A powerful feature of tskit’s stats API is that we can compute the divergences between multiple sets of samples simultaneously using the indexes argument:

CRL = get_sample_indexes(samples, "CRL")

d = ts.divergence([TEX, MER, CRL], indexes=[(0, 1), (0, 2)])
print(d)

[5.95482276e-06 5.96852516e-06]

The indexes argument is used to specify which pairs of sets we are interested in. In this example we’ve computed two different divergence values and the output is therefore a numpy array of length 2.

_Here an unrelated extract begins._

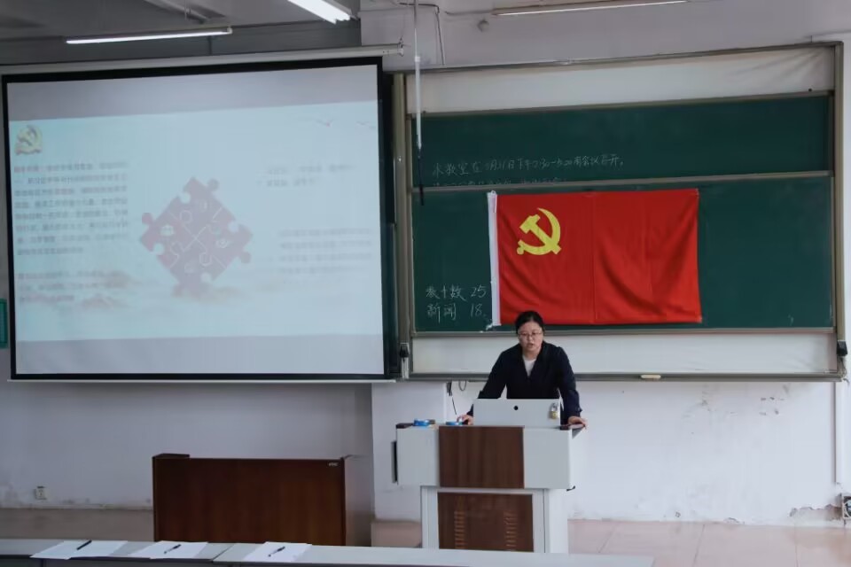 武莉华从“习近平新时代中国特色社会主义思想的具体内涵”“坚持习近平新时代中国特色社会主义思想的意义”“如何贯彻习近平新时代中国特色社会主义思想”三个方面进行重点讲述,详细分析了“八个明确”“十四个坚持”“坚持习近平新时代中国特色社会主义思想的重要性与必要性”等方面问题。武莉华希望全体党员学生做到不忘初心、牢记使命,深入学习贯彻习近平新时代中国特色社会主义思想和党的二十大精神,认真学习党的二十大工作报告,自觉提高自身素质,争做一名优秀的共产党员。

As before, we can combine computing multiple statistics in multiple windows to return a 2D numpy array:

d = ts.divergence([TEX, MER, CRL], indexes=[(0, 1), (0, 2)], windows=windows)
df = pd.DataFrame({"windows": windows[1:], "TEXvsMER": d[:, 0], "MERvsCRL": d[:, 1]})
for column in df.columns[1:]:
    df[column] = df[column].map(lambda x: f"{x:.3G}")
df

	windows	TEXvsMER	MERvsCRL
0	5000000	6.22E-06	6.21E-06
1	10000000	5.47E-06	5.54E-06
2	15000000	5.57E-06	5.63E-06
3	20000000	5.77E-06	5.64E-06
4	25000000	6.07E-06	6.01E-06
5	30000000	6.45E-06	6.47E-06
6	35000000	5.36E-06	5.44E-06
7	40000000	6.07E-06	6.09E-06
8	44077779	6.77E-06	6.84E-06

Each row again corresponds to a window, which contains the average divergence values between the chosen sets.